Exercise goal: Exact copy, no pictures: set down every entry below as written.

Data:
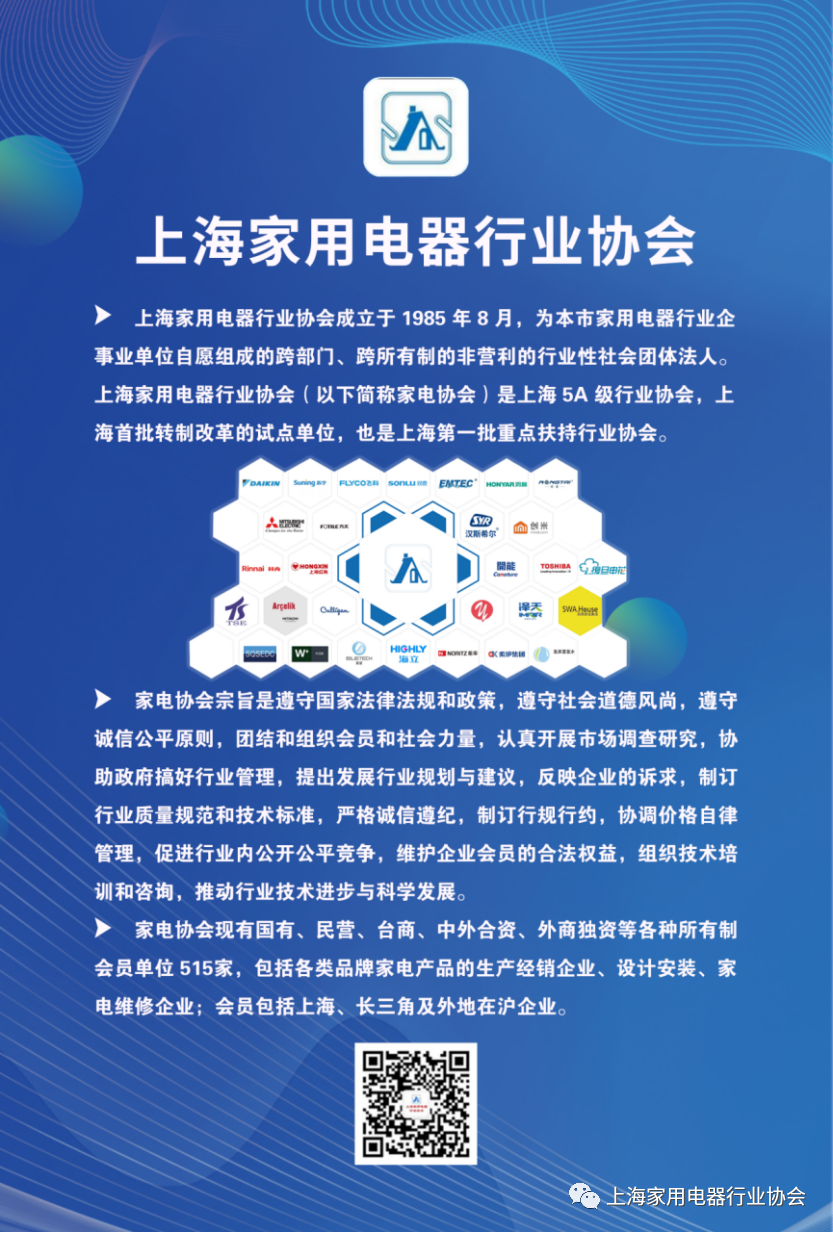 [温馨提示] 文章来源于上海家用电器行业协会公众号,转载注明原文出处,此文观点与查生意无关,理性阅读,版权属于原作者若无意侵犯媒体或个人知识产权,请联系我们,本站将在第一时间删掉 ,查生意仅提供信息存储空间服务。
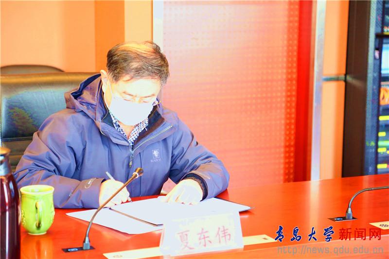 夏东伟动情地说我们作为青大人十分自豪,1月24日,也是大年三十,青大附属医院秦文大夫作为国家第一批援助武汉防控专家组成员前往疫情第一线;我校派出三批援鄂医疗队奔赴武汉,第三批132名医护人员接管武汉同济医院光谷院区重症患者病区;青大附属医院承担着青岛、日照两地市的新冠肺炎定点治疗医院;同时,附属医院收治了山东省首例新冠肺炎确诊病人,并作为首例治愈病人治愈出院;……我校附属医院医务工作者在抗疫一线上演“最美逆行”,用仁心和仁术诠释了“大医精诚、大爱无疆”的医者精神,用使命和担当诠释了“国家需要的时候我就上”的青大精神。“国家需要的时候我就上”的青大精神源于一代代青大人的接续奋斗,新中国成立以来,我校在抗美援朝、援助蒙古和坦桑尼亚、唐山地震、抗洪救灾、汶川地震等国家关键事件和时期都有青大人的身影,在维护人民群众生命安全做出了贡献。
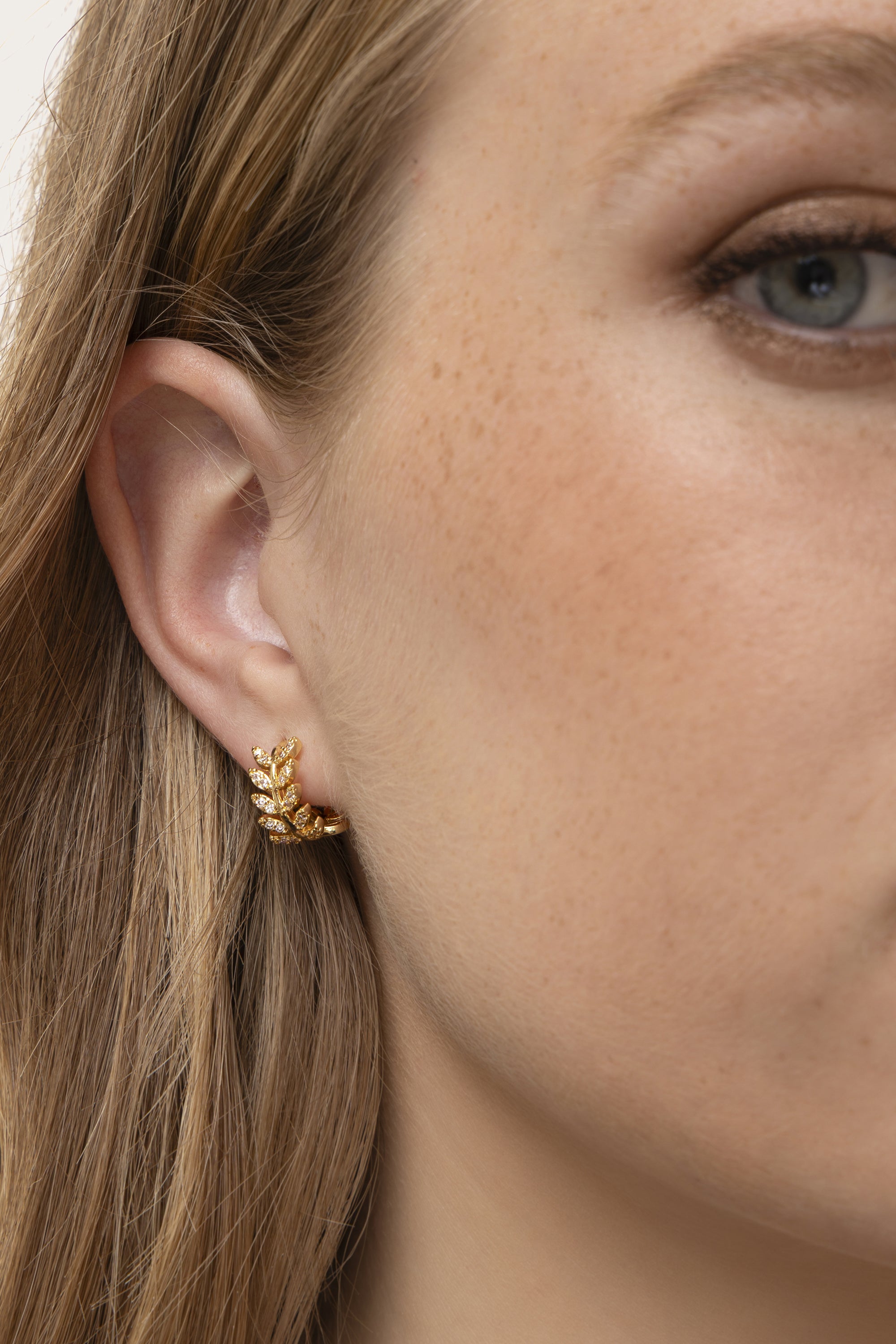 Hojas doradas que brillan a cada movimiento: estos ear cuff de diseño envolvente mezclan líneas naturales y destellos pavé de circonita para un efecto super glam. Realizados en acero chapado en oro, añaden un giro luminoso a tus looks. Fáciles de llevar gracias al cierre oculto, se usan solos para un detalle chic o con otros pendientes para un stack audaz. Diámetro 1 cm. Níquel testado. Chapado en oro con incrustaciones de circonita cúbica. Joyas únicas perfectas para todos tus looks o como idea de regalo.
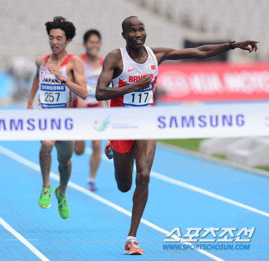 3일 인천 송도 센트럴파크 앞을 출발해 인천아시아드주경기장으로 들어오는 코스에서 펼쳐진 인천아시안게임 남자 마라톤에서 바레인 마흐부부가 1위로 골인하며 환호하고 있다. 그의 기록은 2시간12분38초.
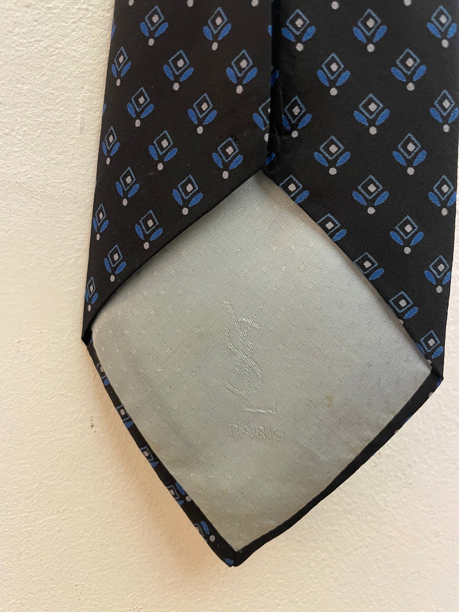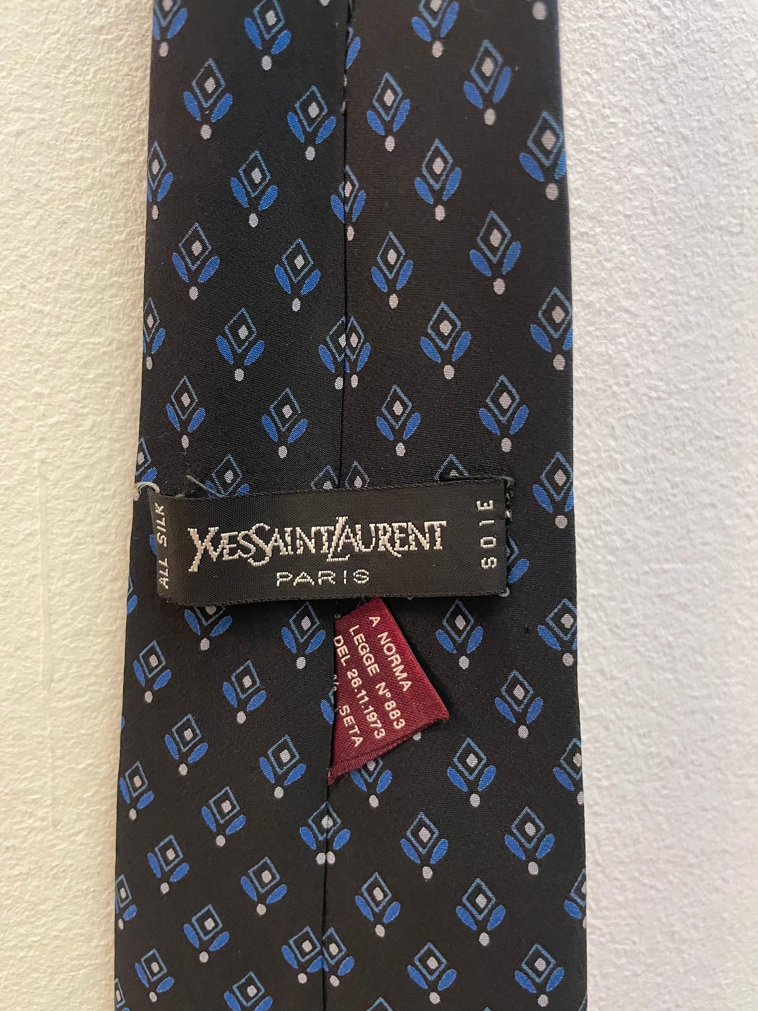 Questa autentica cravatta Yves Saint Laurent in pura seta rappresenta l'apice dello stile vintage degli anni '80-'90. Un accessorio iconico che porta con sé la raffinatezza e l'audacia del leggendario maison francese.
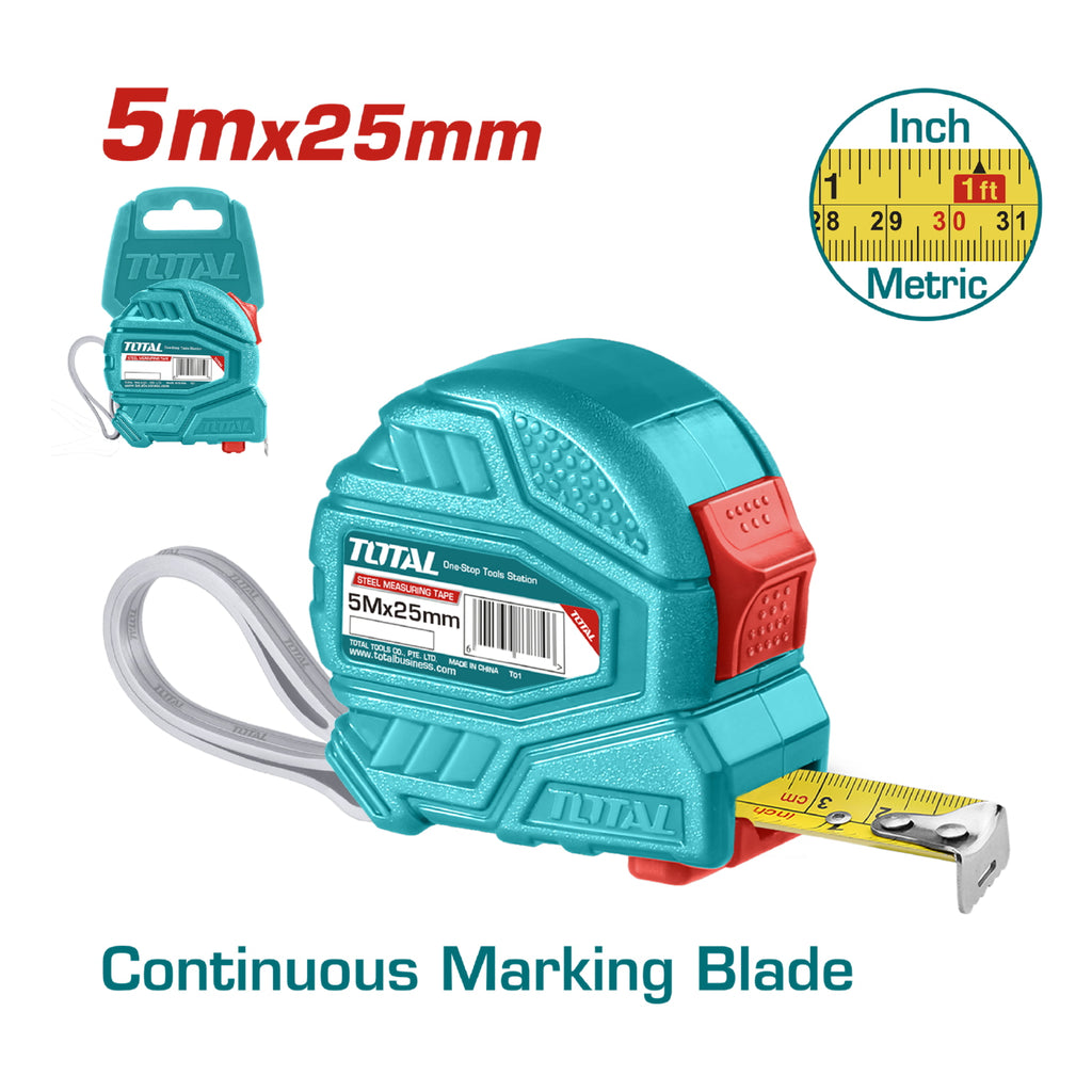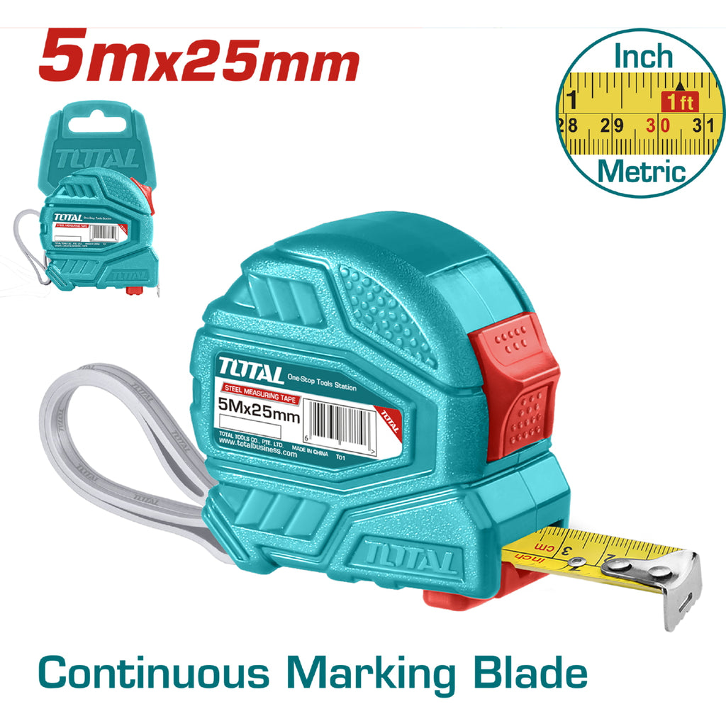 Cinta Metrica de Acero de 5 m. Ancho 25 mm. En Métros y Pulgadas. Doble botón. Material de Cubierta ABS. Alta calidad.

Problem solution:
 [温馨提示] 文章来源于上海家用电器行业协会公众号,转载注明原文出处,此文观点与查生意无关,理性阅读,版权属于原作者若无意侵犯媒体或个人知识产权,请联系我们,本站将在第一时间删掉 ,查生意仅提供信息存储空间服务。
 夏东伟动情地说我们作为青大人十分自豪,1月24日,也是大年三十,青大附属医院秦文大夫作为国家第一批援助武汉防控专家组成员前往疫情第一线;我校派出三批援鄂医疗队奔赴武汉,第三批132名医护人员接管武汉同济医院光谷院区重症患者病区;青大附属医院承担着青岛、日照两地市的新冠肺炎定点治疗医院;同时,附属医院收治了山东省首例新冠肺炎确诊病人,并作为首例治愈病人治愈出院;……我校附属医院医务工作者在抗疫一线上演“最美逆行”,用仁心和仁术诠释了“大医精诚、大爱无疆”的医者精神,用使命和担当诠释了“国家需要的时候我就上”的青大精神。“国家需要的时候我就上”的青大精神源于一代代青大人的接续奋斗,新中国成立以来,我校在抗美援朝、援助蒙古和坦桑尼亚、唐山地震、抗洪救灾、汶川地震等国家关键事件和时期都有青大人的身影,在维护人民群众生命安全做出了贡献。
 Hojas doradas que brillan a cada movimiento: estos ear cuff de diseño envolvente mezclan líneas naturales y destellos pavé de circonita para un efecto super glam. Realizados en acero chapado en oro, añaden un giro luminoso a tus looks. Fáciles de llevar gracias al cierre oculto, se usan solos para un detalle chic o con otros pendientes para un stack audaz. Diámetro 1 cm. Níquel testado. Chapado en oro con incrustaciones de circonita cúbica. Joyas únicas perfectas para todos tus looks o como idea de regalo.
 3일 인천 송도 센트럴파크 앞을 출발해 인천아시아드주경기장으로 들어오는 코스에서 펼쳐진 인천아시안게임 남자 마라톤에서 바레인 마흐부부가 1위로 골인하며 환호하고 있다. 그의 기록은 2시간12분38초.
 Questa autentica cravatta Yves Saint Laurent in pura seta rappresenta l'apice dello stile vintage degli anni '80-'90. Un accessorio iconico che porta con sé la raffinatezza e l'audacia del leggendario maison francese.
 Cinta Metrica de Acero de 5 m. Ancho 25 mm. En Métros y Pulgadas. Doble botón. Material de Cubierta ABS. Alta calidad.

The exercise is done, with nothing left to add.